The debt can feel overwhelming: 9 percent of those with credit card debt don’t believe they will ever get out from under, polls show.

Three options

If you find yourself in over your head, you have likely tried a variety of ways to get yourself out from under the debt. You have tried cutting up cards, getting low- or no-interest cards and putting high-interest debt on them, paying only the minimum and watching your interest mount, and so on.

After trying these methods, you usually only have three options left:

  • Call your card issuer and ask to set up an alternate payment plan
  • Get credit counseling who can help you put together a budget
  • Declare bankruptcy

A credit card payment plan is sometimes called a hardship plan. Most credit card companies offer them but you’ll rarely see them advertised. They are meant to get as much money as possible before you declare bankruptcy. They often offer a combination of:

  • Lower interest rates
  • Smaller minimum payments
  • Lower fees and penalties
  • Fixed payment schedules

The credit card payment option can affect your credit score because it the company may close your card while you pay it off. Closing a card can affect your length of credit history and your credit mix, both of which result in a lower credit score.

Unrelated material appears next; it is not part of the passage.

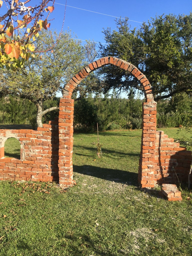 Wenn die Säulen hoch genug gemauert sind, wird das Bogengerüst eingesetzt und Ziegel auf Ziegel verlegt.

Credit counseling or bankruptcy

A credit counselor will, for a fee, analyze your spending and your income and then negotiate a repayment plan with your creditors. You make one deposit each month with the counselor who then distributes the money to your creditors.

Bankruptcy involves going to court and declaring either Chapter 7 or Chapter 13 bankruptcy.

In Chapter 7 bankruptcy, non-exempt possessions are sold and used to pay off your creditors who are then forbidden to continue to seek repayment from you.

In Chapter 13 bankruptcy, your debts are reorganized and you are put on a schedule to pay the debts back in between three to five years.

If your credit card debt is great and you have tried to refinance, tried to work with the credit card companies, tried to maintain a budget and you still are in over your head, you should talk to a qualified, experienced attorney to discuss your options under bankruptcy. It may be the best way out of a bad situation.